Volume 3 Issue 4 - February 15, 2005

Krishnamurthy found guilty of failing to provide facilities for disabled voters in Haryana

DNIS News Network Big promises were made by election officials in the run up to the recent election in Haryana, but disabled voters in the state were left out in the cold yet again.

The run up to the recent election in Haryana was not without frequent mention of aids and support to disabled people in the state: from election manifestos of various political parties, which talked about pension and job reservations for handicapped persons, to the Chief Election Officer, Mrs. Urvashi Gulati arranging for disabled-friendly polling booths! Probably the most exciting of all was the announcement of Braille voting machines for visually impaired voters.

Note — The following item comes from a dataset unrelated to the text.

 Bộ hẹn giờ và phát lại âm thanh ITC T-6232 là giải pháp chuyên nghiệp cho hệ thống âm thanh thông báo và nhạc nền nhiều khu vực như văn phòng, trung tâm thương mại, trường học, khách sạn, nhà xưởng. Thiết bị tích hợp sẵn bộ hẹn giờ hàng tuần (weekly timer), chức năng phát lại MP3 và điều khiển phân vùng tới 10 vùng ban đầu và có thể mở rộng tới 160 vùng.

However, when the elections did launch off in the state, there were in fact no special arrangements made for disabled voters. Although there were a few ramps in a few places where voting machines were placed at a height, Braille voting machines were not widely used at all. Visually impaired and blind persons still had to be accompanied by a confidante to help cast their vote. Why? What happened to the Braille voting machines?

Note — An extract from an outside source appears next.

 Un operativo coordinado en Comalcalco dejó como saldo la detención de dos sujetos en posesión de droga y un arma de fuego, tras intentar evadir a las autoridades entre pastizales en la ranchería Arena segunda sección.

According to the States Election Commissioner, Braille voting machines had been ruled out as it was presumed that the State did not have many disabled voters. The authorities also acted on the assumption that most of the blind population in the state would not know how to use Braille. So where does this leave those people who are Braille literate and who believe in the secrecy of the secret ballot? It seemed there was no answer to this question.

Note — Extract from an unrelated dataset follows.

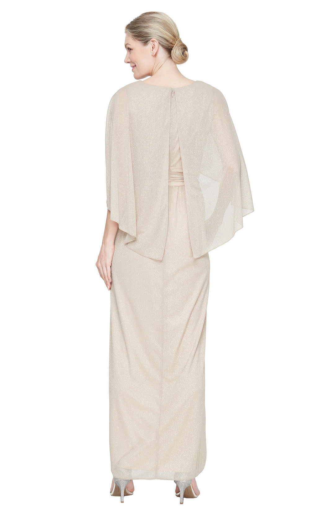 | Details: | Beaded Accent, Ruched Waistband, Capelet Sleeves, Full Back, Concealed Back Zipper |

Such a blatant dearth of provisions for disabled voters invoked the ire of Haryanas Commissioner for Persons with Disability, M.S. Ahluwalia. He wrote to the Chief Election Commissioner T.S. Krishnamurthy requesting his presence in the Disability Commissioners court on February 14. Krishnamurthy failed to appear and in his absence was found guilty in regard to the charges of failing to provide adequate provisions for disabled voters.

Ahluwalia stated that ramps should be provided as a matter of course and that blind voters should be provided with a closed-room sound system to help them cast their votes in secrecy. He said that the lack of such facilities meant the election should be declared null and void and the elections should be rerun.